While Bansal had enlisted himself as a delivery person when Flipkart was a fledgling online book ordering service back in 2007, on Friday he was back on the road, reconnecting with customers. Worth around $1.3 billion, Bansal provided not just great optics for the company, but also an opportunity to personally test the company’s beefed-up logistics and delivery network in the midst of its biggest sale yet.
Across the day, he and other senior executives at Flipkart made dozens of deliveries across the country as they got a first-hand glimpse of the ecommerce industry’s meteoric ascent in India.All of the past week, the three largest players in this space — Flipkart, Snapdeal and Amazon — held discount sales to try to catch the eye of profligate customers at the beginning of a three-month festive season.
And, if the numbers and commentary are any indication, these companies have made a major statement, not just with explosive growth in sales, but also by connecting hundreds of thousands of first-timers to online commerce and giving folk in the hinterland a chance to buy products that were previously out of reach to them.
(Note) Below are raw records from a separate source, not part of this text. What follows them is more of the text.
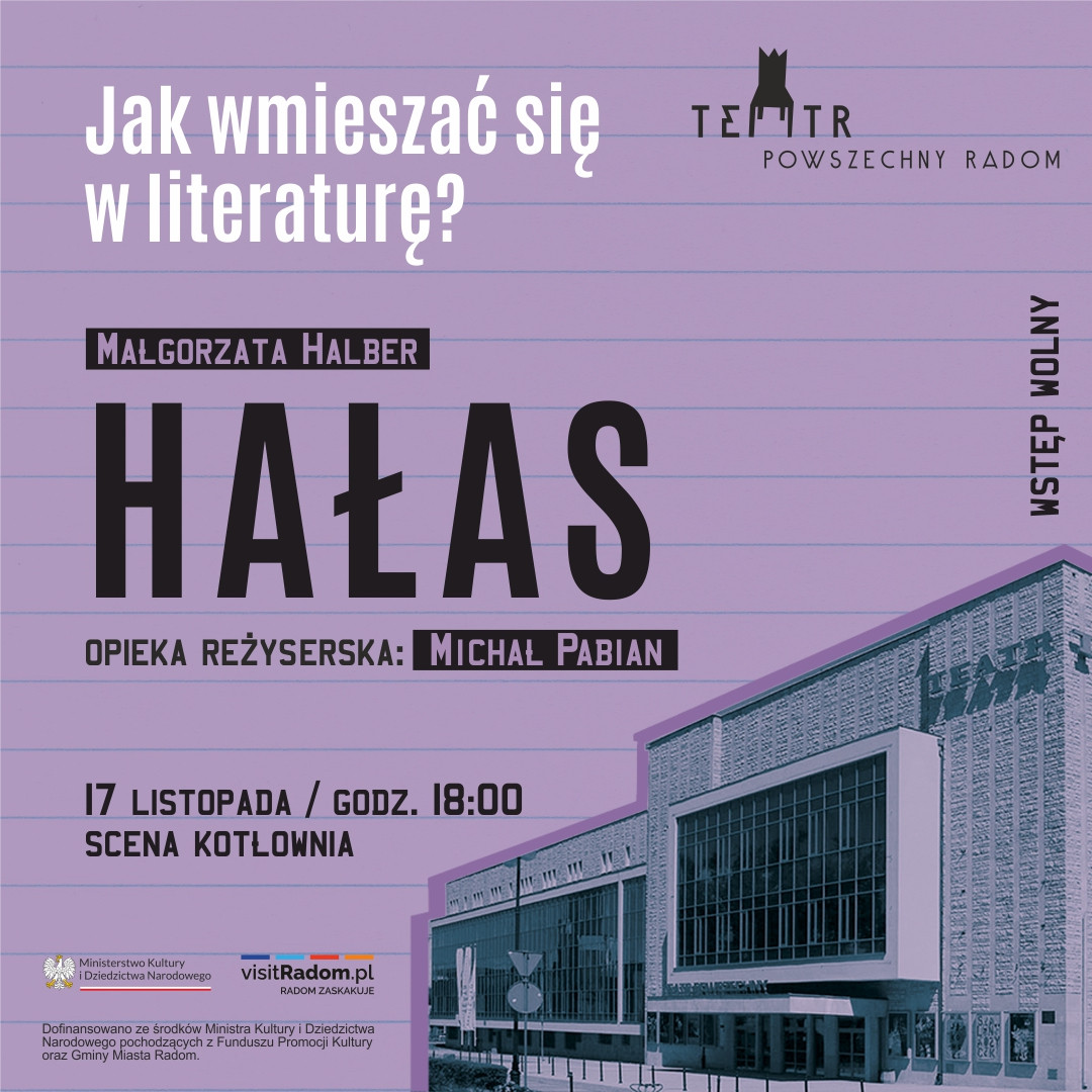 A w najbliższy poniedziałek, 17 listopada o godz. 18.00, zapraszamy na kolejne czytanie performatywne z cyklu „Jak wmieszać się w literaturę?”. Tym razem aktorzy sięgną po książkę Małgorzaty Halber „Hałas”, podejmującą temat współczesnego przeciążenia bodźcami, informacyjnego chaosu i samotności w świecie nieustannego rozproszenia.
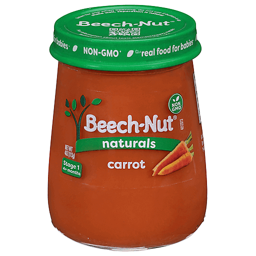 Beech-Nut Naturals Baby Food is made with simple, non-GMO ingredients. Our carrot baby food puree has no artificial preservatives, colors or flavors and no added sweeteners--just what you'd expect for baby's first foods. Our fruits and veggies are gently cooked to preserve color, flavor, and nutrients to create a puree that's perfect for introducing solids. Free of the following allergens: dairy, gluten, peanut, soy, egg. This Stage 1 baby food jar is ideal for your baby 4 months and up.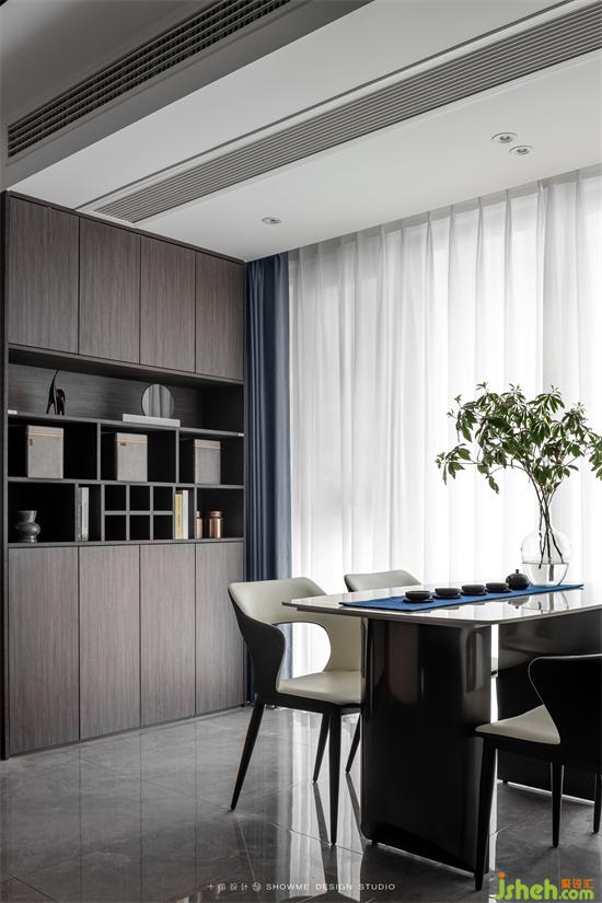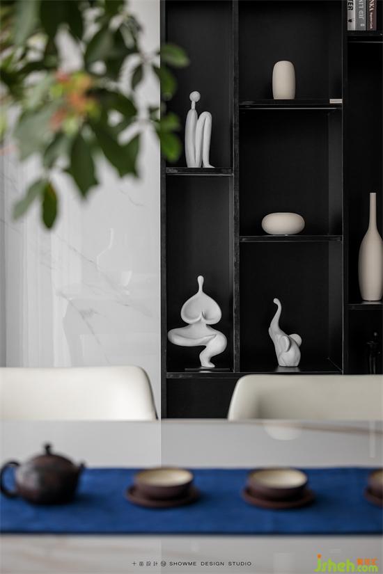 儲(chǔ)物柜開(kāi)合有度,造型獨(dú)特的擺件提升家的藝術(shù)格調(diào),金科王府家裝設(shè)計(jì)讓客廳擁有了最全面完整的功能。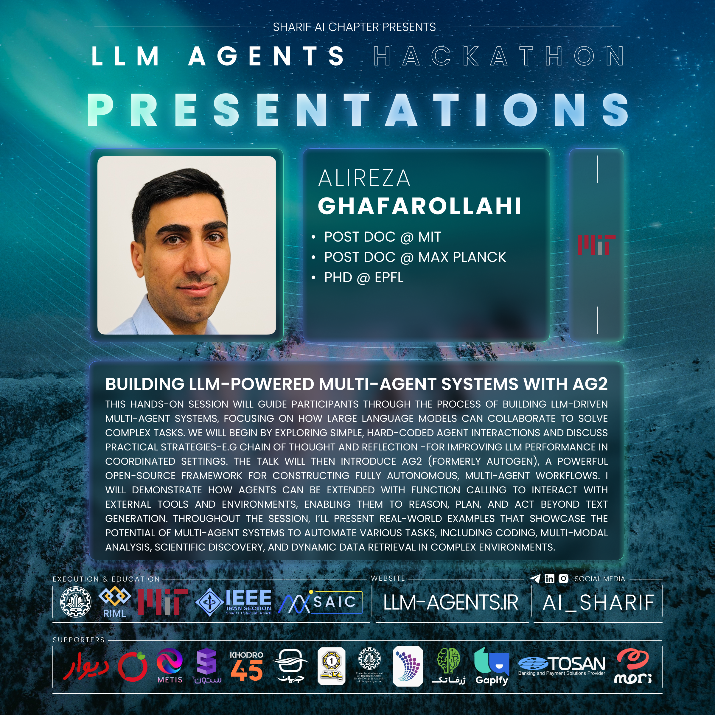 This hands-on session will guide participants through the process of building LLM-driven multi-agent systems, focusing on how large language models can collaborate to solve complex tasks. We will begin by exploring simple, hard-coded agent interactions and discuss practical strategies-e.g chain of thought and reflection -for improving LLM performance in coordinated settings. The talk will then introduce AG2 (formerly Autogen), a powerful open-source framework for constructing fully autonomous, multi-agent workflows. I will demonstrate how agents can be extended with function calling to interact with external tools and environments, enabling them to reason, plan, and act beyond text generation. Throughout the session, I’ll present real-world examples that showcase the potential of multi-agent systems to automate various tasks, including coding, multi-modal analysis, scientific discovery, and dynamic data retrieval in complex environments.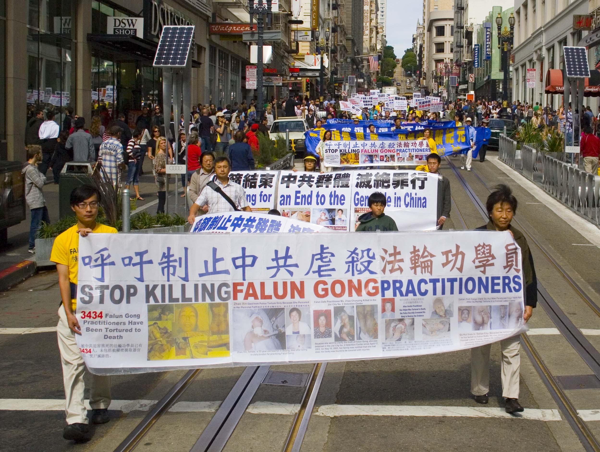 法轮功学员在市区及中国城举行大游行,呼吁共同解体中共、制止迫害。

The numbers of note are almost too good to believe. For example, Flipkart sold 5,00,000 mobile phones within 10 hours of sales opening; elsewhere Snapdeal sold handsets worth `500 crore in a single day; Amazon, with over two decades of hosting massive sales on days such as Black Friday (the Friday following Thanksgiving) and Cyber Monday (the Monday following Black Friday) in the US, had 10 lakh products primed for next day delivery. Some categories sizzled for Amazon — in an hour, more mobiles were sold than in a complete day; and in under six hours it sold more appliances than it usually sells in a week. Snapdeal, meanwhile, saw a 350 per cent in-crease in new user count as consumers stampeded to make the most of the deals on offer on this online marketplace.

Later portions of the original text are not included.